Spörck roots go back to Norway
The family of Karl and Leif Spörck, the father-son duo who make livings creating original pottery and ceramic tiles, hails from Norway.
Leif Spörck’s grandfather was born in Norway to a large family during tough times. It was deemed best that he move to Sweden to live with a wealthy uncle who could provide an opportunity for success. “Grandpa” Klaus Spörck earned a degree in engineering from the revered University of Berlin prior to World War II. The war “kind of disrupted everything,” Leif related.
After the war Klaus met and married a woman while working in New York, and eventually the couple moved to Cincinnati where he worked for a company that designed machinery. He designed the tools needed to build the nose cone for Saturn rockets. After his parents split up, Karl Spörck attended Cranbrook Institute near Detroit as Klaus still traveled back and forth from Sweden.

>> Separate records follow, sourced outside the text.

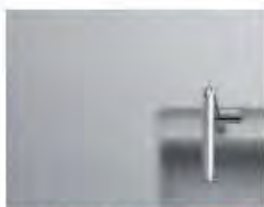
クリスタルカウンター クリスタルダルグレー NEW
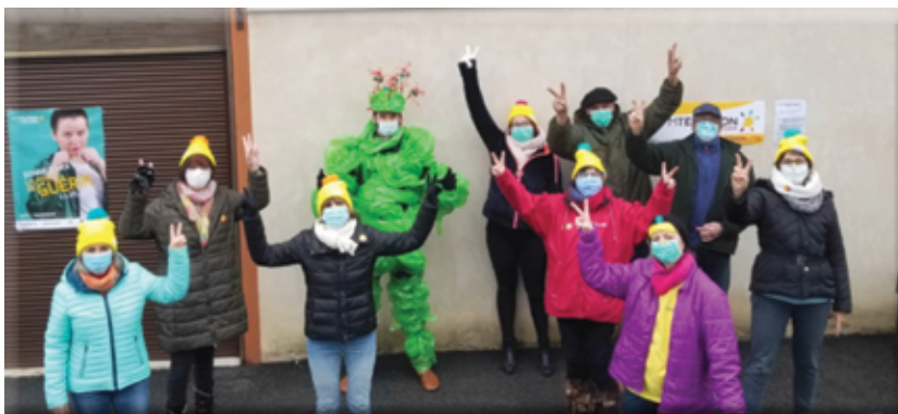
L'association Colibris lors du dernier Téléthon
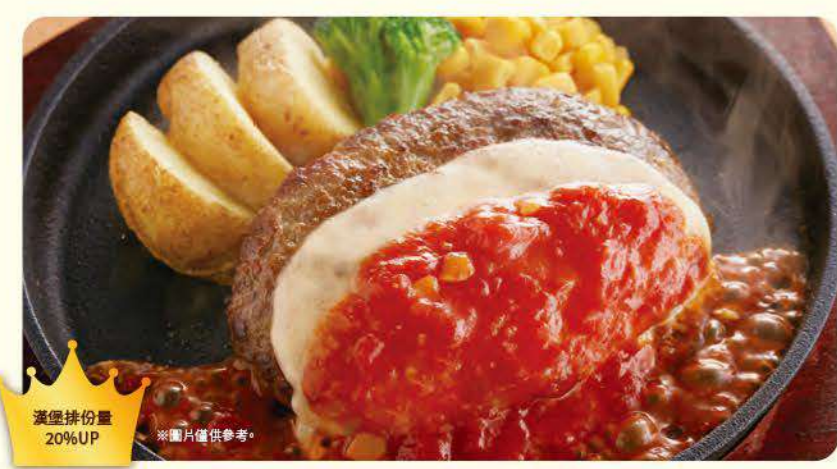
059 起司厚漢堡排 ¥769 (含稅 ¥845)

“I don’t know why (grandpa Klaus) initially came to Traverse City, but he ended up doing work for Parsons Corporation during the Vietnam War when they were making helicopter blades,” Spörck said. He eventually married again, this time to a woman who lived on Glen Lake. The family’s connection to Leelanau County was cemented.
Leif Spörck’s work keeps him busy for all but two weeks out of each September, when he makes it a point to visit his family’s native Norway. When visiting grave sites of relatives, the name Spörck is spelled differently — with a slashed “o” instead of the umlauted “o” used by the Spörcks. The reason, Leif Spörck suspects, is that his grandfather switched the spelling to align with Swedish culture.
“I think he had those two dots over the ‘O’ because that was the proper thing to do,” Spörck said.
Spörck has taken to adding a dash through his name while keeping the umlaut.